If the tumor is multifocal, or you haven't had a really good mapping of where all the tumors are, I think you should take a pause, because you don't want to gain percutaneous access into a calyx that you don't want to be in. I think the standard rules apply for any time you consider percutaneous access. If they can't come off of anticoagulation, or if they, some patients have barren anatomy where they have bad retrorenal bowel, or they have some vascular vessels behind the kidney, you certainly wouldn't want to do percutaneous access, through there.

Sam Chang: Go ahead.

Ryan Hsi: I'd also just mention that a lot of you will say that retrograde ureteroscopy for upper tract tumors never goes as well as you think. And it is also because mobility is difficult, and your instruments are limited. And I think for antegrade ureteroscopy, your mobility is better, but also, sometimes the visualization can be tricky. And I think you need to just go in, be patient, and manage the patient's expectations, but just understand, they can be challenging.
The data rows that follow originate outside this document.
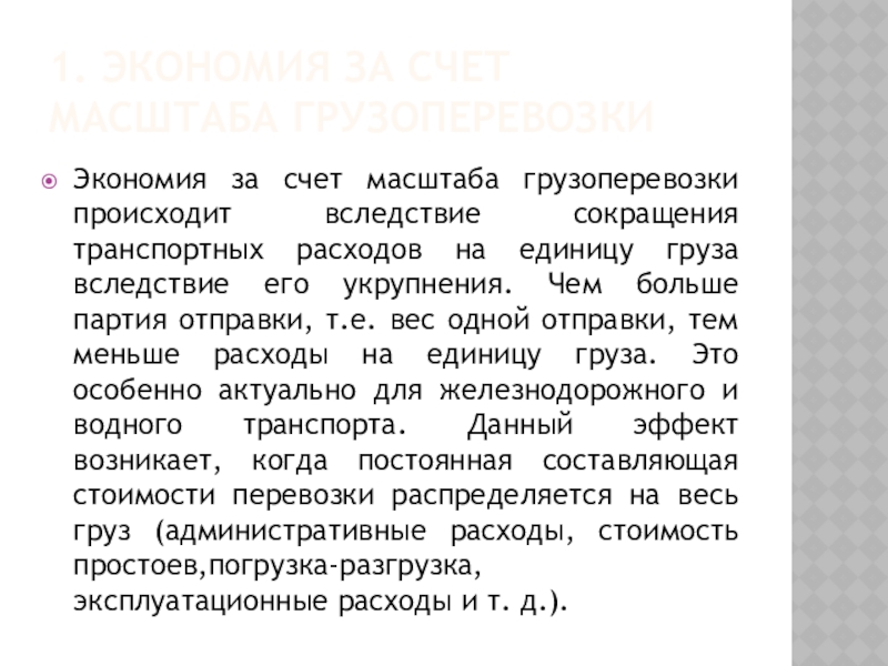Слайд 131. Экономия за счет масштаба грузоперевозки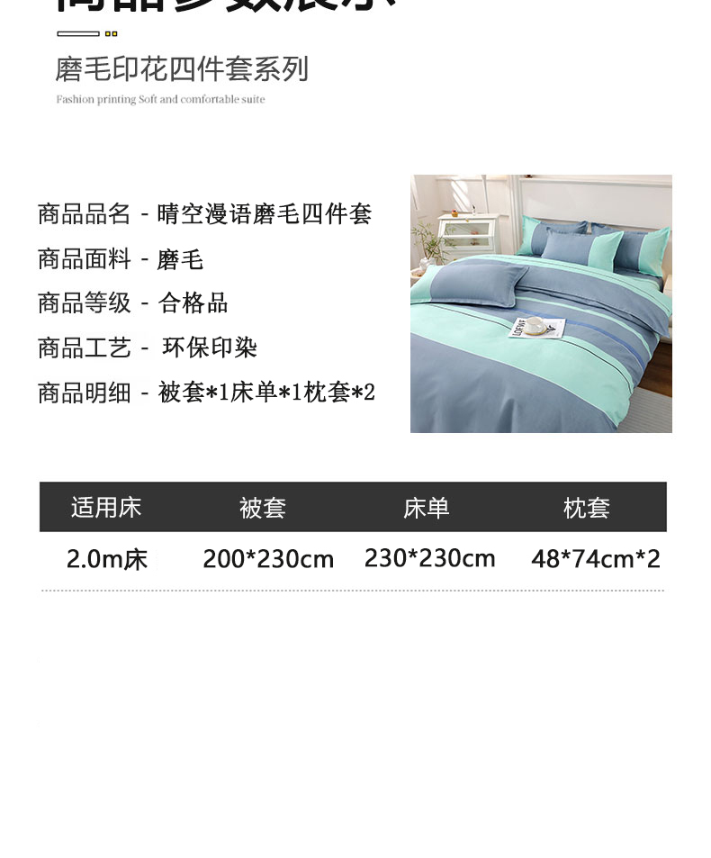 被套:200*230cm 床单:230*230cm 枕套:48*74cm*2 面料:磨毛 产品包装:精美礼盒 包装尺寸:42*33*11cm 1.磨毛面料柔软、温暖、舒适,而且磨毛产品不会 褪色、起球。 2.通过经精湛的磨毛工艺,使得手感柔软、舒适。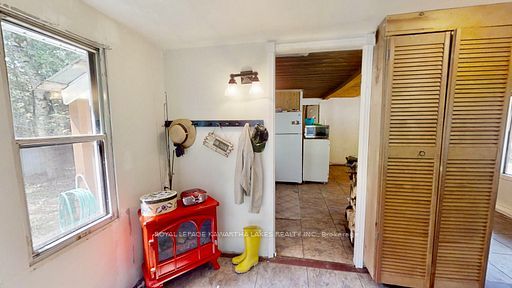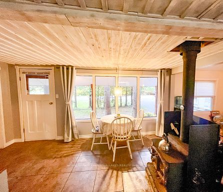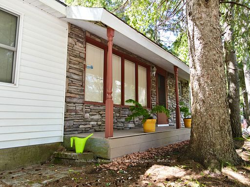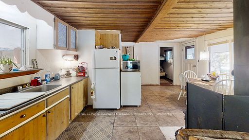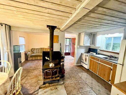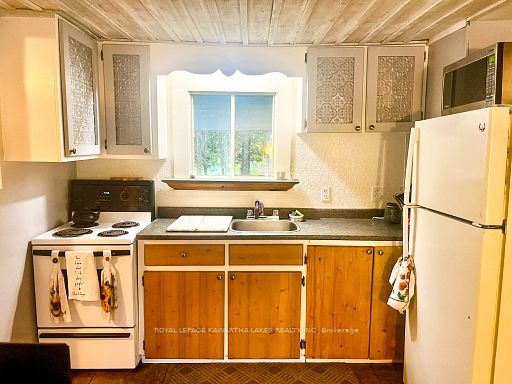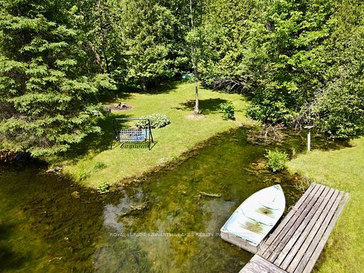 A serene retreat on the trent-severn waterway! Escape to nature with this charming 2-bedroom cottage tucked among mature trees on the trent-severn waterway. Located in the heart of kawartha cottage country, this peaceful getaway offers scenic river views and a relaxed, cottage-country lifestyle that is perfect for weekend retreats (including cozy winter visits)! The open-concept layout features a spacious kitchen with water views, a warm and inviting living room with a wood stove, and a 3-piece bathroom. The property includes a steel roof, vinyl siding, and tasteful interior finishes including vinyl flooring and wood ceilings. Step outside to enjoy your coffee on the front porch, barbecue beneath the trees, or gather around a campfire under the stars. The lot includes a fresh gravel driveway, two storage sheds (one with potential as a bunkie), and a large cement holding tank installed in 2021. Water is drawn from the river, and a shared spring offers added convenience. Enjoy year-round accessibility with municipally maintained roads in all four seasons. Located minutes from the historic kirkfield lift lock, and just a short drive to orillia or the gta, this property is your ideal seasonal escape. Please note: this property is on leased land from parks canada ($2,813/year). Four-season living and short-term rentals are not permitted. Seller will only consider full-price offers.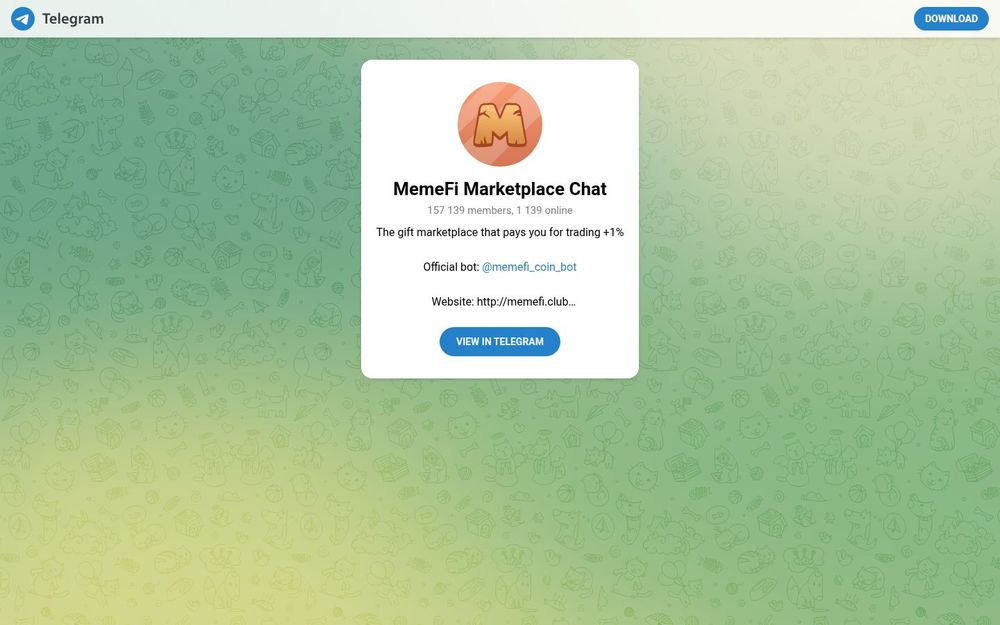 MemeFi Marketplace Chat 是一个以 Telegram 为载体的礼品与交易社群市场,聚集了大量用户并通过社群机制和机器人工具提供交易、支持与奖励。其核心卖点是“交易返利 +1%”,即在社区内进行交易时可获得额外收益,从而激励用户参与买卖和流动性贡献。该项目同时公开了官网(http://memefi.club)、官方机器人(@memefi_coin_bot)以及客服机器人(@memefi_ticket_bot),并维护一个官方频道(@memeficlub)用于公告与推广。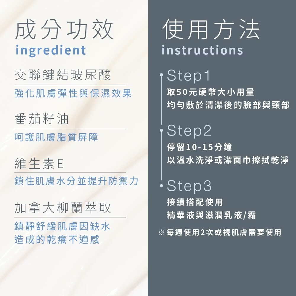 1. 均勻敷於清潔後的臉部與頸部,避開眼睛周圍。

These tumors can be very vascular.

Sam Chang: Well, that's why, fortunately, I've got partners like you, because these procedures are not easy, but they really do offer an opportunity for our patients to do something that could be nephron-sparing, and be able to take care of their symptoms, and many times be able to take care of their disease.

I want to thank you, Ryan, for taking some time and enlightening us regarding your techniques, and what you are able to do, and I look forward to referring to you even more patients in the near future. So thanks again. Appreciate it very much.

Ryan Hsi: Thank you for the opportunity.